In yet another instance illustrating profound problems of agency and guilt when the death penalty and mental illness meet, a paranoid schizophrenic man is scheduled to be executed in Florida on Monday at 6 p.m.
The death row inmate, John Ferguson, was convicted and sentenced to death in 1977 for the murders of six people during a home robbery. As the Miami Herald noted, Ferguson was granted a stay of execution 10 months ago (since overturned) and throughout his appeals his "defense team has pointed to Ferguson’s longtime diagnoses as a paranoid schizophrenic and that he believes he is the 'Prince of God' to be seated at the 'right-hand' of God after his death."
Ferguson's case echoes the gruesome story of Texas death row inmate Andre Thomas, diagnosed with extreme schizophrenia, who gouged both his eyes out while in prison and remains, nonetheless, on death row. The cases illustrate the poverty of a death penalty justice system's ability to deal with mental illness. When capital punishment is at stake, the question (from a point of constitutional law) is whether the death row inmate is competent enough to comprehend his own capital punishment.
Thurgood Marshall’s 1986 majority SCOTUS opinion on the issue of executing the mentally ill set up the current legal standard: “We may seriously question the retributive value of executing a person who has no comprehension of why he has been singled out and stripped of his fundamental right to life,” wrote Justice Marshall. As I've noted on this issue in the past, many of us would also vehemently challenge the retributive value of the state executing persons with full comprehension of why they have been so singled out to face death, it seems clear that Marshall’s “comprehension” condition sets up profound problems when it comes to the mentally ill.

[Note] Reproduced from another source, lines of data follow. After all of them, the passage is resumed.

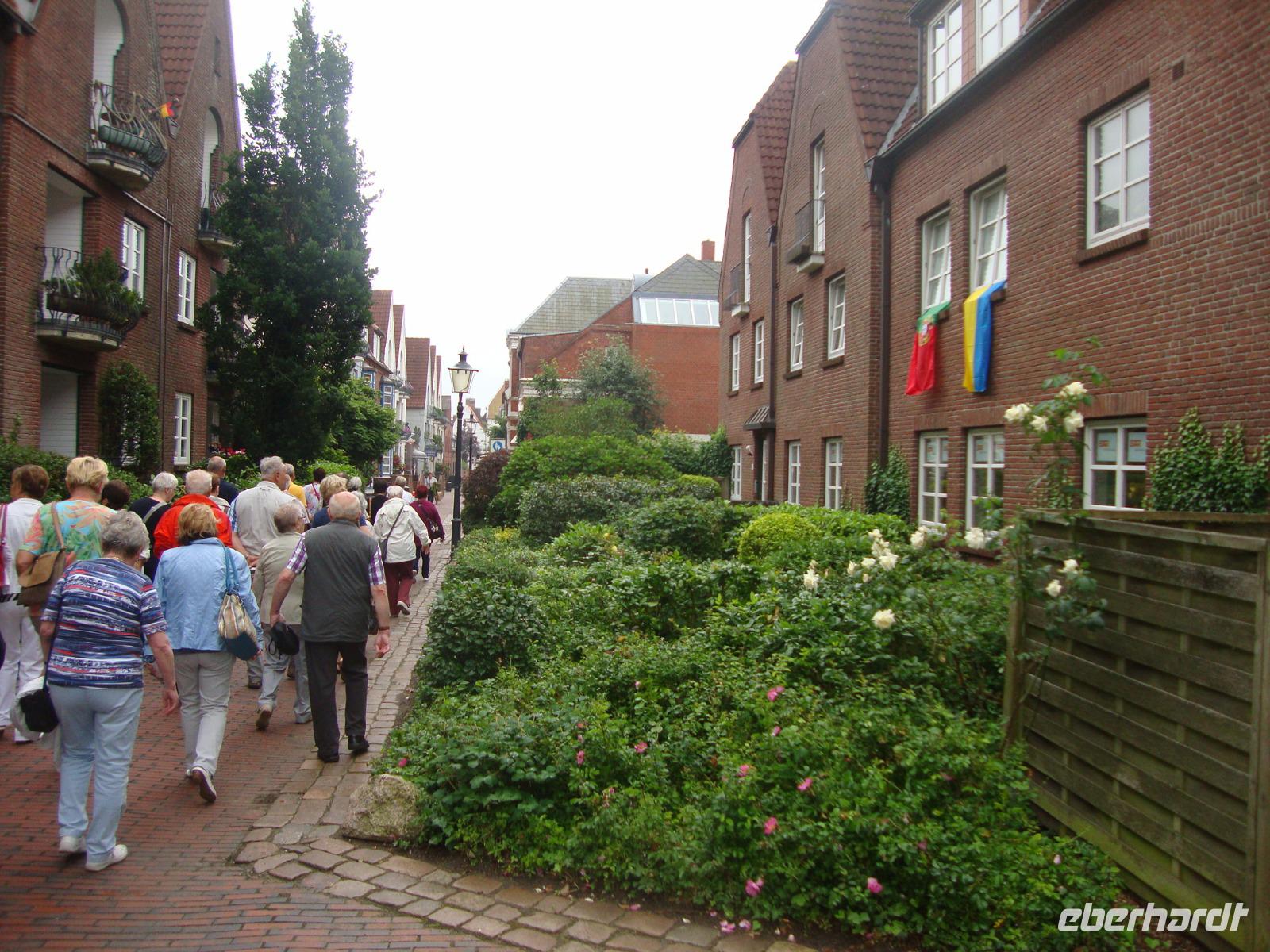 Nach dem vorzüglichen Frühstück begrüßten wir unsere Gästeführerin,Frau Schacht, welche uns ihre Heimatstadt und die bekanntesten Sehenswürdigkeiten zeigte und erklärte. Husum hat zwei Häfen, neben dem Außenhafen, den fotogenen Innenhafen, Kutter und Kaufmannshäuser bestimmen hier das Bild, es gibt eine alte Werft und eine Slipanlage. Auf dem Sockel des Marktbrunnens thront Tine, das heimliche Wahrzeichen der Stadt und im Haus nr.9 wurde Theodor Storm geboren. Weiter ging unser Spaziergang durch die Wasserreihe. Im Haus Nr.31 lebte der berühmte Sohn der Stadt von 1866-80 mit seiner Familie. Heute sind drei Räume als Museum eingerichtet, mit Möbeln und Bildern aus seinem Nachlass. Im Garten erstrahlen Blumen in vielfältiger Pracht. Der Besuch in der Marienkirche am Markt, mit dem 31 m hohen Turm, bildete den Abschluß unseres Rundganges durch die "Graue Stadt am Meer", wie sie von Theodor Storm genannt wurde. Anschließend verabschiedeten wir uns von der Gästeführerin, Frau Schacht, ganz herzlich und jeder konnte die Freizeit nach seinen Wünschen gestalten.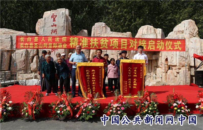 随着精准扶贫工作进入“啃硬骨头、攻坚拔寨”的冲刺期,为提高扶贫成效,增加贫困群众实际收益,真正实现脱贫不返贫目标,经深入分析研究,选择了党建工作扎实、经营理念先进、生产管理科学、发展前景广阔、潜力壮大旺盛、社会信誉良好、热心公益事业的长白圣山阿里郎酒业有限公司作为精准扶贫合作伙伴,将扶贫资金入股企业,取得收益后向无劳动能力的贫困群众分红增收。2018年9月2日举行了精准扶贫对接仪式,县委、县政府相关单位领导、马鹿沟镇党委、政府、部分其他乡镇领导、县人民法院全体干警及社会各界人士200余人参加活动。
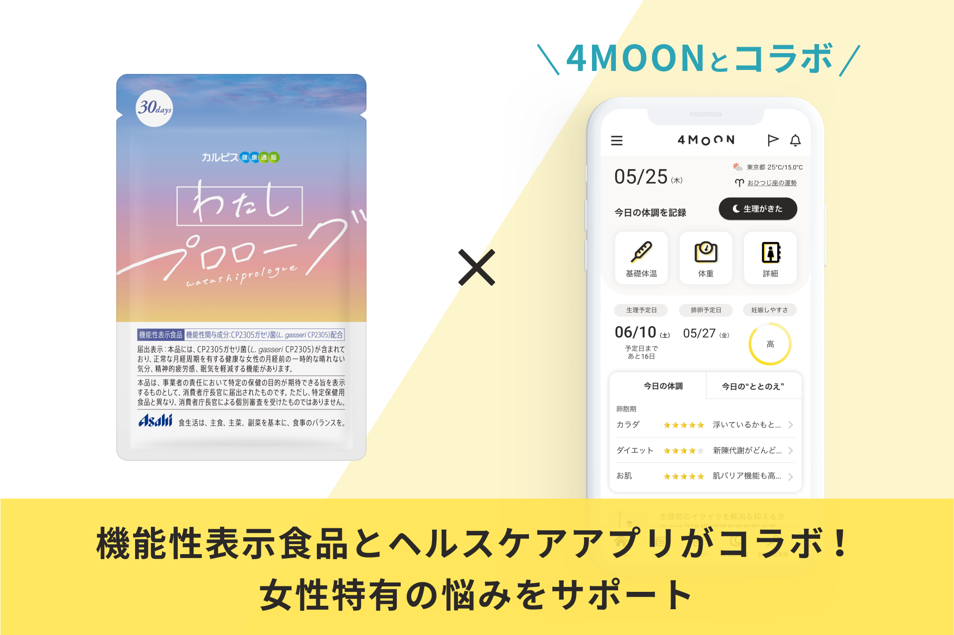 「健康な女性の月経前の一時的な晴れない気分の軽減」を訴求する日本初*²の機能性表示食品『わたしプロローグ』定期購入で、ヘルスケアアプリ『4MOON(フォームーン)』プレミアムプラン特別優待など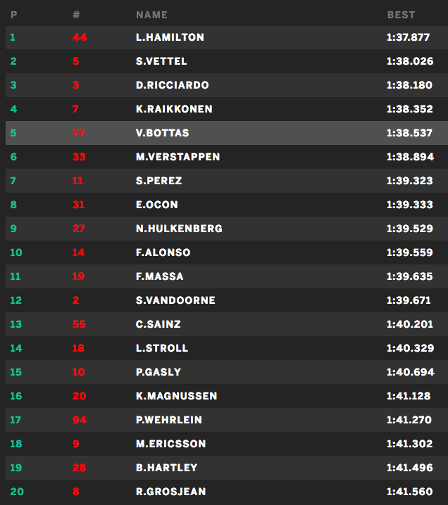 Vettel was in de ochtenduren nog lijstaanvoerder, maar had in de middag geen antwoord op de snelheid van Hamilton. De Ferraricoureur bleef op een 1:38.026 steken en ging daarmee eveneens onder het oude baanrecord. ’s Ochtends had Daniel Ricciardo een moeizame sessie gehad, maar maakte dat in de middag goed door de derde tijd te klokken en daarmee zijn teamgenoot flink wat sneller af te zijn. Verstappen zette eerder de derde tijd, maar moest in de middag genoegen nemen met een P6 op ruim 0,7 seconden achterstand op de Australiër. Voor het Red Bull team is er nog flink wat werk te verzetten voordat de laatste vrije training op zaterdagochtend wordt verreden. Met de wagen van Verstappen kan nog flink wat winst worden geboekt, hij bleef een ruime seconde achter op de snelste tijd, terwijl Ricciardo slechts 0,3 seconde toegaf.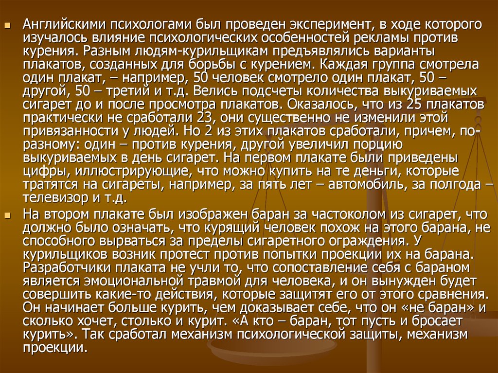 курить». Так сработал механизм психологической защиты, механизм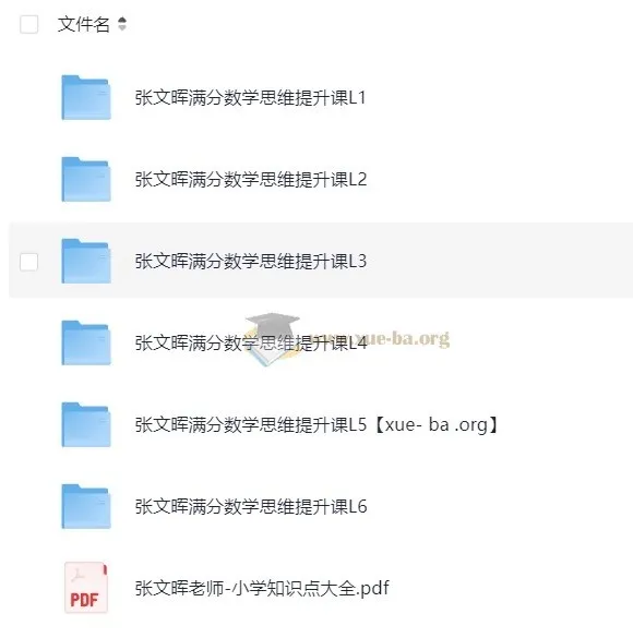 满分数学L1-L9视频课。 搞定小、中9年数学,课程亮点满满,L1-L9全覆盖,从简单的加减法,一路到分数、方程、几何,循序渐进,不管你家娃是几年级,都能找到合适自己的内容,轻松打好数学基础,稳步提升! ├── 满分数学先导课(学前必看).mp4 ├── 张文晖老师-小学知识点大全.pdf ├── 张文晖满分数学7-9年级视频课 ├── 张文晖满分数学思维提升课L1 ├── 张文晖满分数学思维提升课L2 ├── 张文晖满分数学思维提升课L3 ├── 张文晖满分数学思维提升课L4 ├── 张文晖满分数学思维提升课L5 ├── 张文晖满分数学思维提升课L6...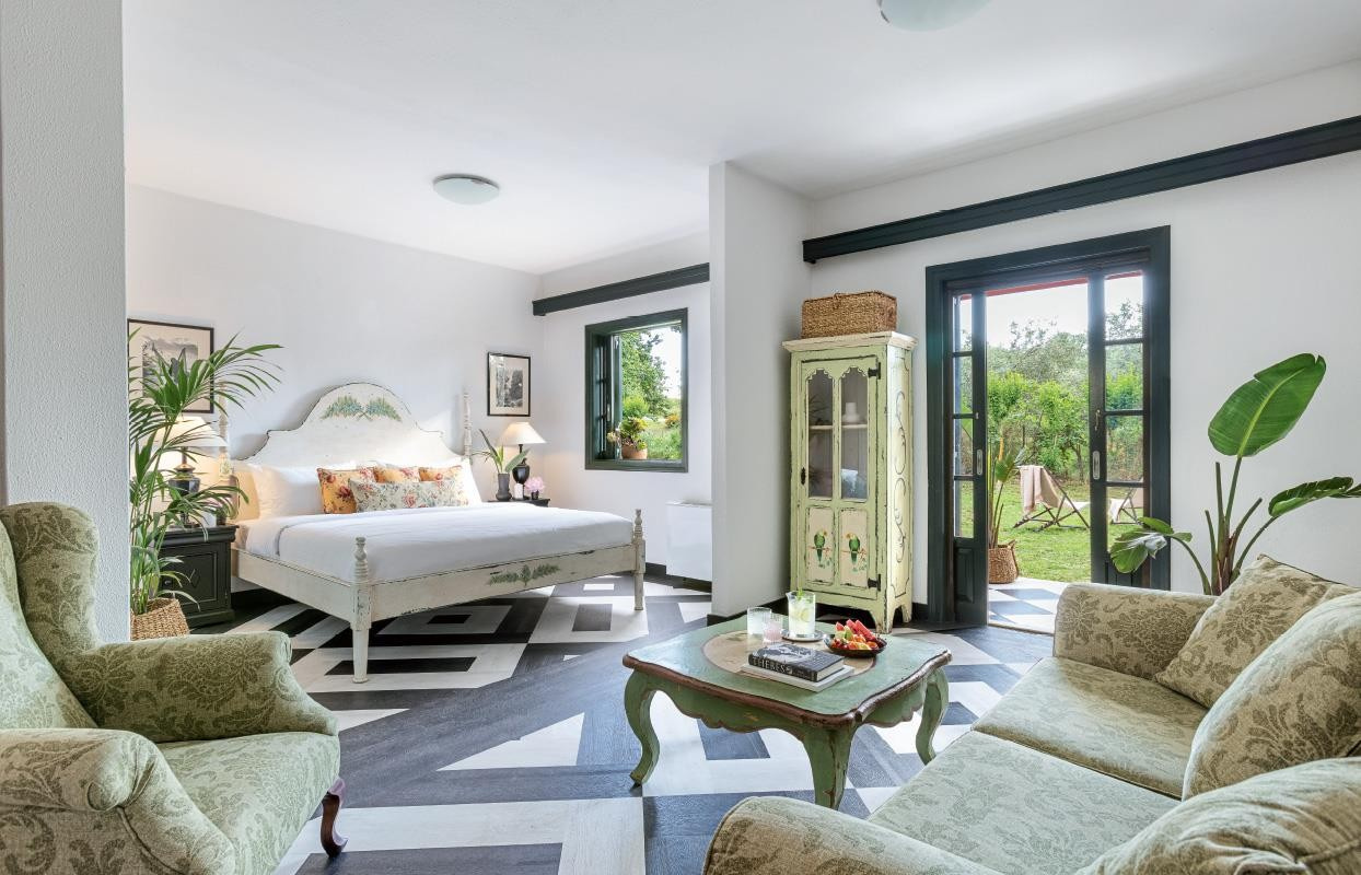 - Veranda Családi apartmanok - külön hálószoba, a földszinten helyezkednek el, kijárattal a kertbe, a Country House-ban, kertre nézők (Family Apartment Veranda & Gardens)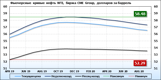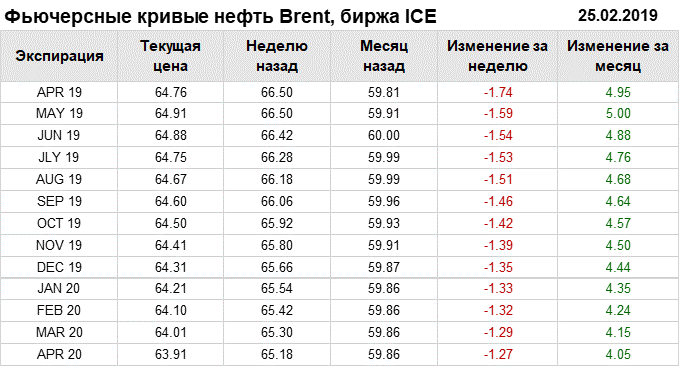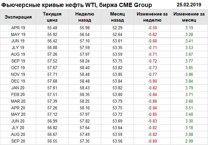 Фьючерсные кривые. Нефть. Биржи CME Group и ICE. Данные на 25.02.19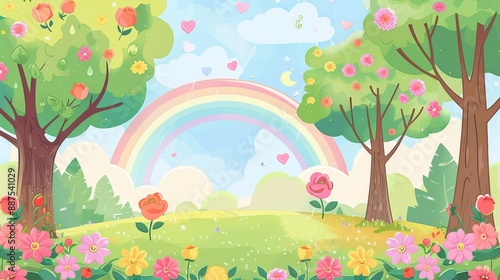 © imlane, Fototapeta premium A garden with Apple trees, chrysanthemums, roses are the most prominent, the sky is blue like after rain and there is a rainbow, cartoon vector illustration with white background for graphic design an
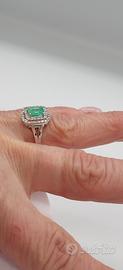 anello realizzato in oro bianco 18Kt Smeraldo centrale forma ottagonale Carati 0,85 giro di diamanti Ct. 0,37 il gioiello è corredato di elegante confezione regalo e garanzia dettagliata il gioiello è in offerta con il 30% di sconto da € 2120,00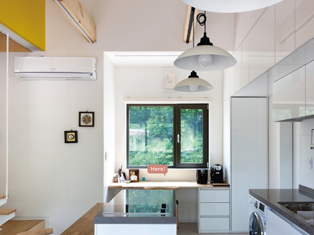 주방 옆 창 아래 무심하게 배치한 책상. 때로는 잡동사니를 쌓기도 하고, 창 밖 풍경을 바라보며 일기를 쓰는 공간이 되기도 한다. |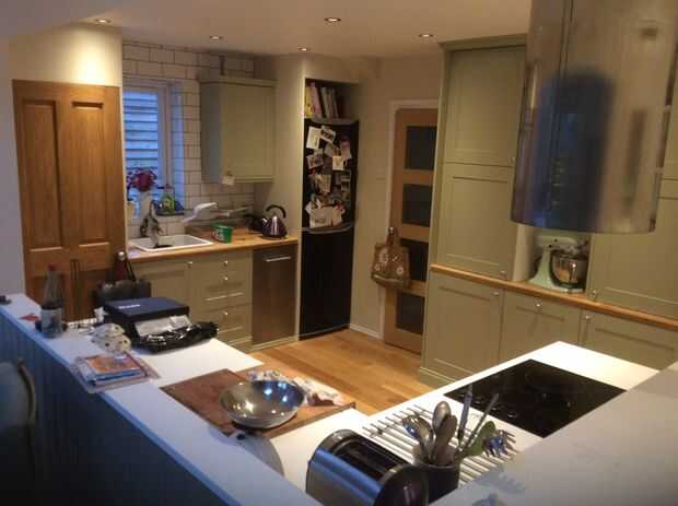 nuevas cocinas son una absoluta estafa! Esta cocina utiliza todas las puertas viejas que han sido arena llena y undercoated muchas veces para darle un acabado profesional. La encimera roble en el armario de vino y zona de fregadero se hace del suelo de madera fijada y pegado a la madera contrachapada de la buena calidad que es aproximadamente un 1/4 el costo de encimeras de cocina real roble sólido. ¡ Cuidado con contracción esta manera tho! Los paneles, revestimiento, Cornise y sobre el armario del vino se hace de mdf grueso de 18mm de hoja con una atención de hgh a detalle en la pintura.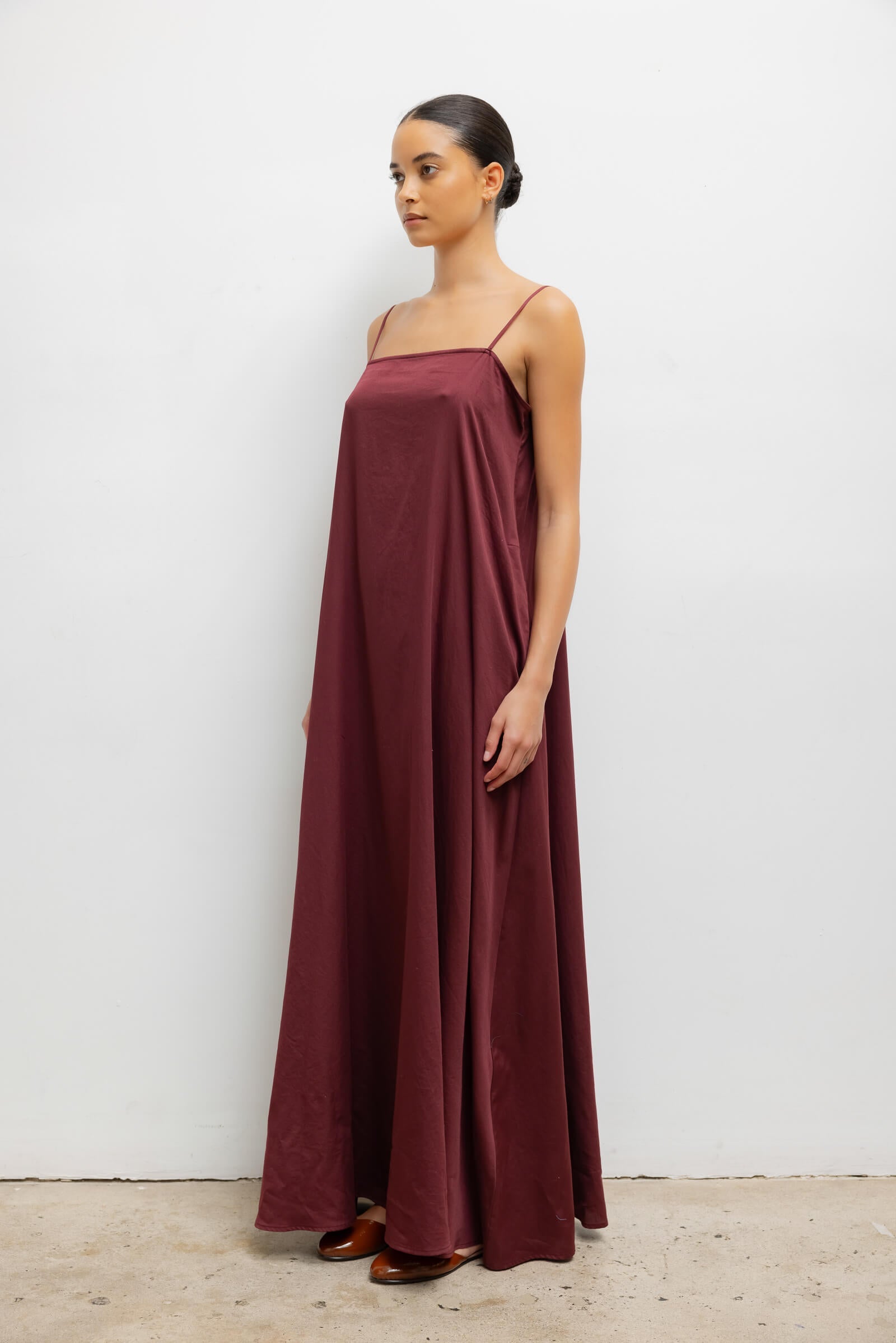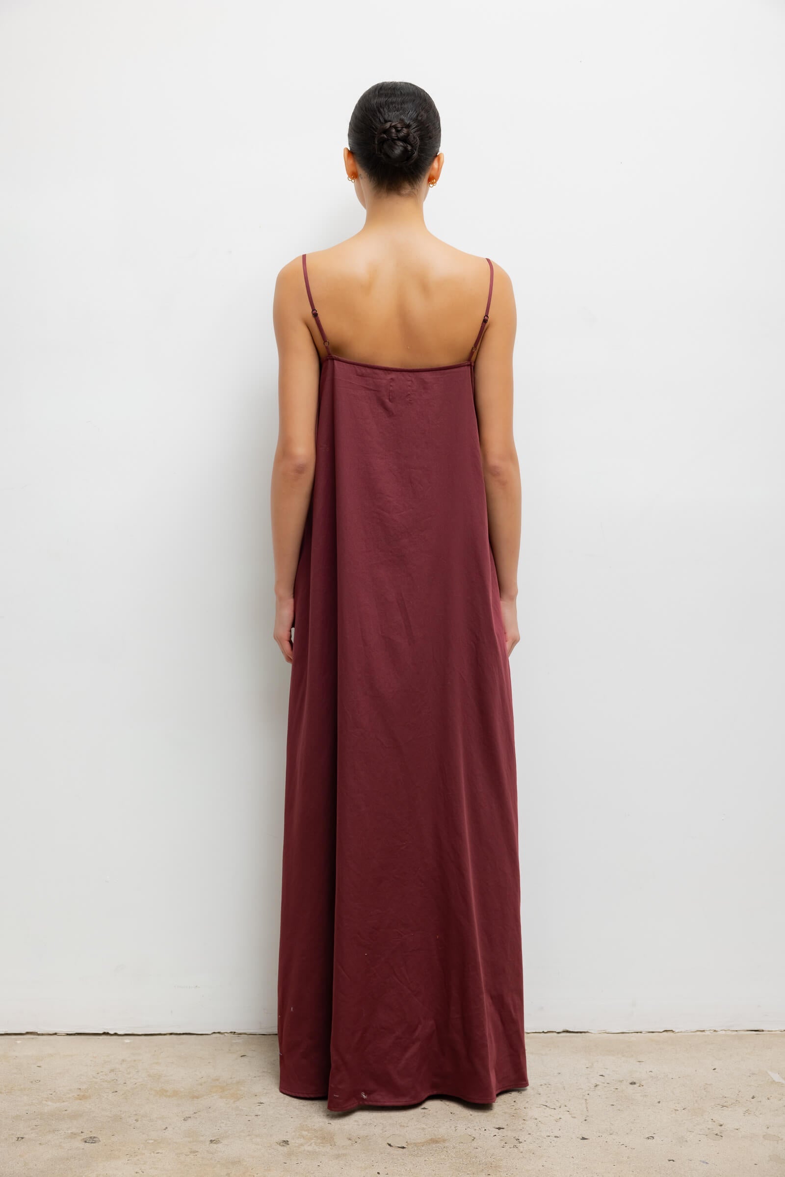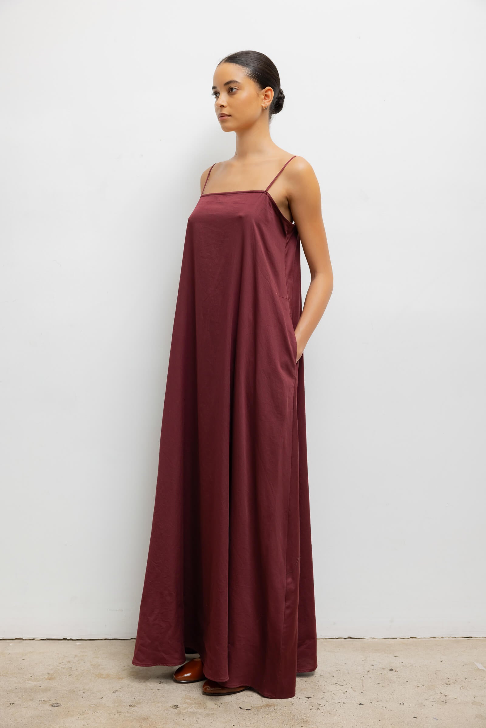 Cut in our bed sheet feel Yoko Cotton, The Yoko Maxi Dress features a straight neckline, adjustable spaghetti straps, and a sweeping maxi length.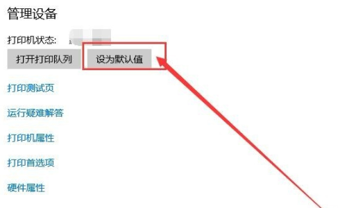 6、在跳转的页面,选择“设为默认值”就是默认的打印机了。

It is on Marshall's standard that Ferguson's defense lawyers will push for another last-minute stay of execution Monday. As his attorney told the Guardian, "John Ferguson is without a doubt mentally ill. He has a 40-year history of paranoid schizophrenia, we have more than 30 doctors diagnosing him as that over four decades. Yet Florida is close to eviscerating the U.S. supreme court law that makes him ineligible for execution."